Moroccan writer-director Nabil Ayouch (‘Much Loved’) follows the fate of several characters living in Casablanca in this Toronto Platform premiere.


A sprawling cri de coeur set in the heart of modern-day Casablanca, Nabil Ayouch’s Razzia is an intense network narrative that nearly collapses under the weight of its own ambitions. During its best moments, the film is something like a Moroccan Magnolia, following five stories that gradually overlap and then lead to an explosive finale. But some of the plotlines clearly work better than others, even if as a whole they constitute a sharp critique of a country mired by corruption and intolerance, filled with characters who, like the Queen song on the soundtrack, want to break free.

Ayouch’s provocative last feature, Much Loved, plunged viewers into the lower depths of local prostitution and caused a major stir in his homeland, where it was banned after premiering in Cannes. (The film’s lead actress, Loubna Abidar, was violently attacked in 2015 and eventually expatriated to France.) With its depictions of teenage sexuality, Islamist oppression, social unrest, androgyny and more prostitution, Razzia should likewise dismay Morocco’s powers-that-be, while a slot in Toronto’s Platform section will propel it through international markets and festivals.
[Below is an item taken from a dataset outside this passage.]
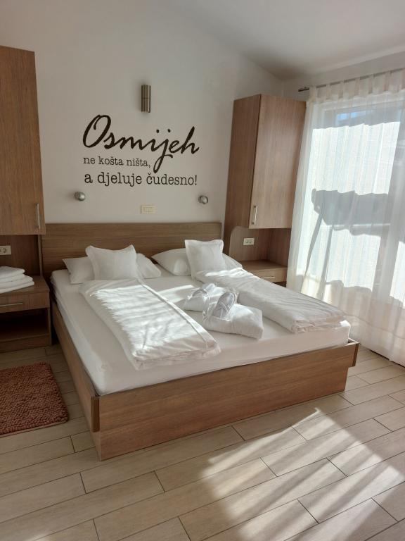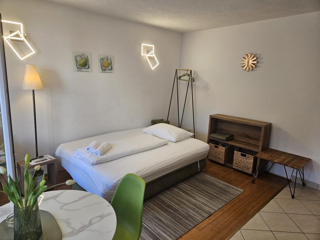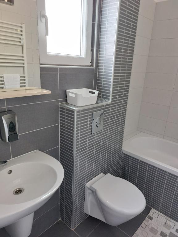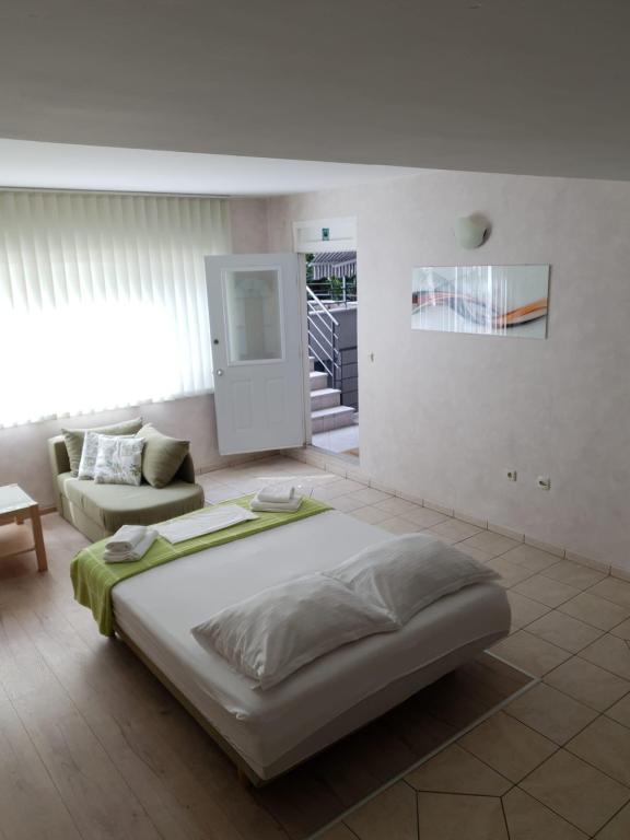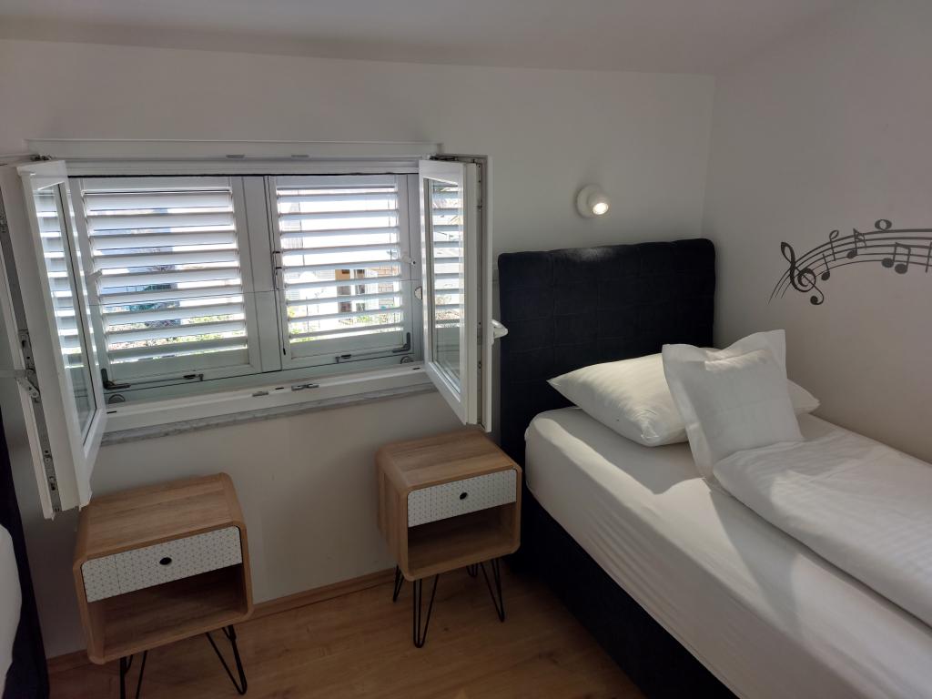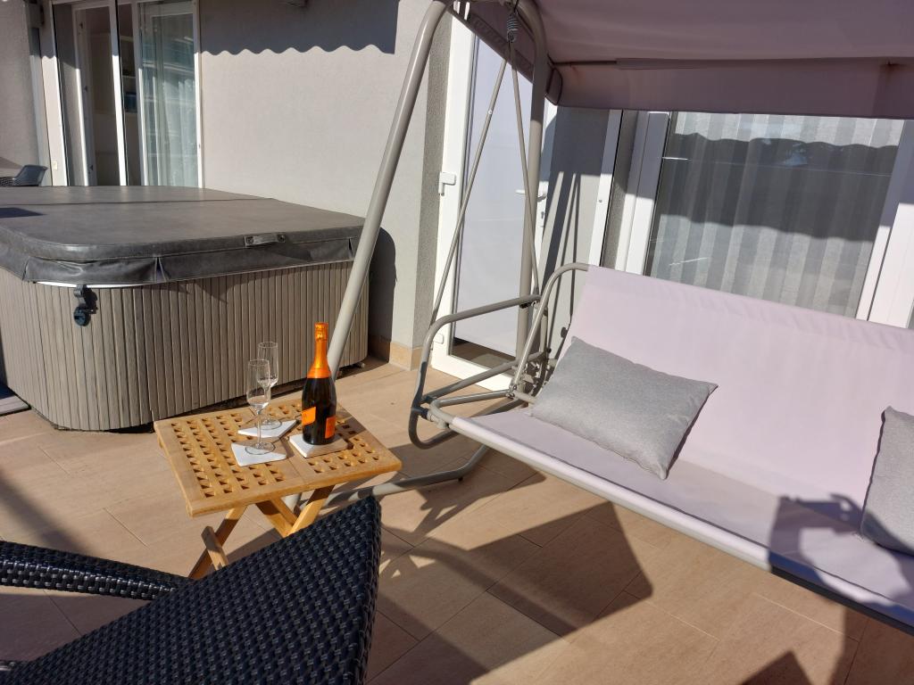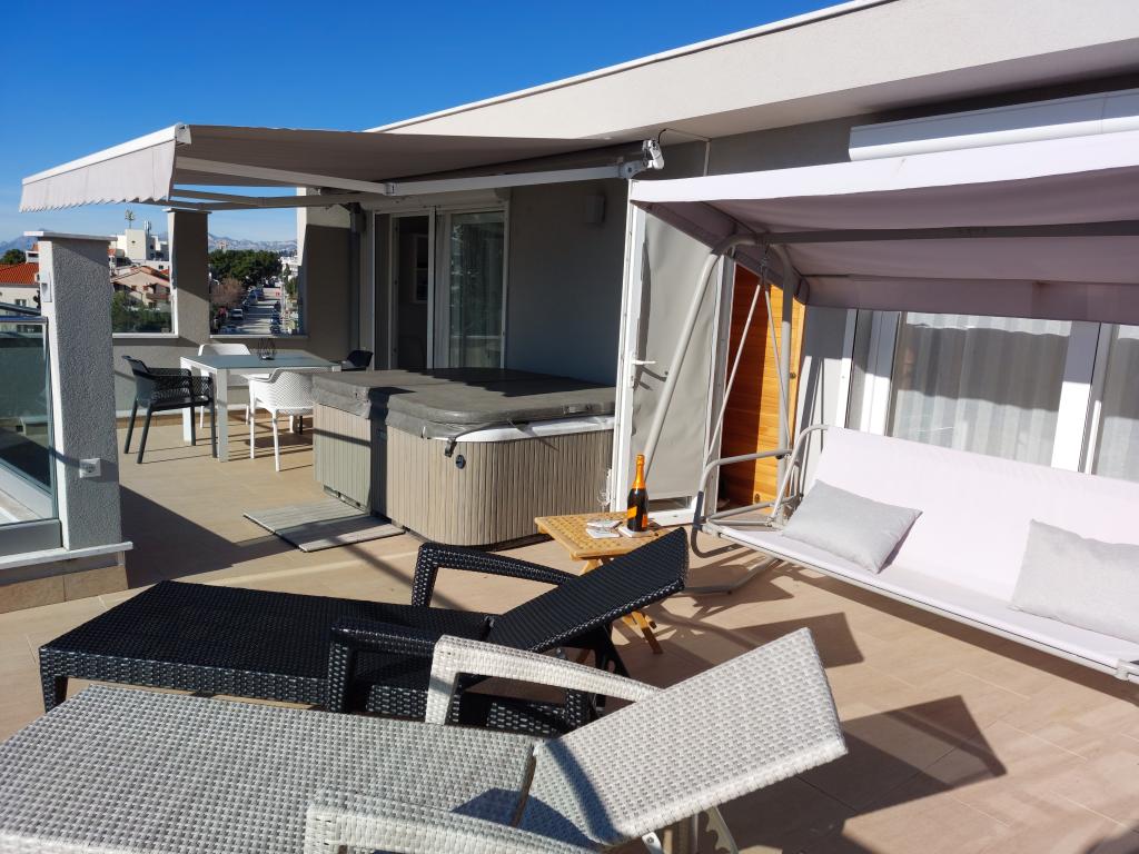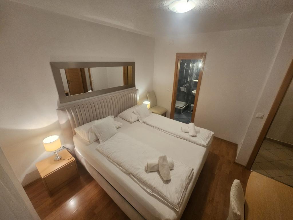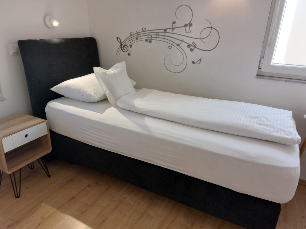 Apartmanjaink modernek és teljesen felszereltek, hogy tartózkodása a lehető legkényelmesebb és leggondtalanabb legyen. Minden apartmanban vasaló és vasalódeszka, hajszárító, filteres kávéfőző, vízforraló és mikrohullámú sütő található. A vendégek rendelkezésére állnak az ételek elkészítéséhez és tálalásához szükséges összes eszköz. Minden szállásegység síkképernyős TV-vel, ingyenes Wi-Fi-vel, beltéri és kültéri ülő- és pihenősarokkal felszerelt. A szállásegységek légkondicionáltak. A parkolást előre kell foglalni a létesítményen belüli korlátozott parkolóhelyek száma miatt. Érkezéskor friss ágynemű és törölközők várják Önt, amelyeket megbeszélés szerint cserélnek. Gyermekágy előzetes bejelentkezés alapján ingyenesen bérelhető. A létesítményen belül egy közös udvar található ülőbútorokkal, mediterrán növényekkel körülvéve - ideális hely a kikapcsolódásra. A létesítmény csendes környéken található, a tengertől a második sorban, mindössze 2 perc sétára a strandtól és tíz perc könnyű sétára a központtól.

Working with actress-writer Maryam Touzani, Ayouch has cast a wide net of stories that begin in 1982 and then jump forward to 2015, when mobs of protestors take to the streets and the powder keg that is Casablanca looks ready to burst. In between, we’re introduced to a handful of characters, beginning with a heartbreakingly dedicated country schoolteacher, Abdallah (Amine Ennaji), who is doing his best to enlighten his students. But a new national reform favoring an Islam-heavy program puts Abdallah at odds with an educational bureaucrat, who soon takes over his class.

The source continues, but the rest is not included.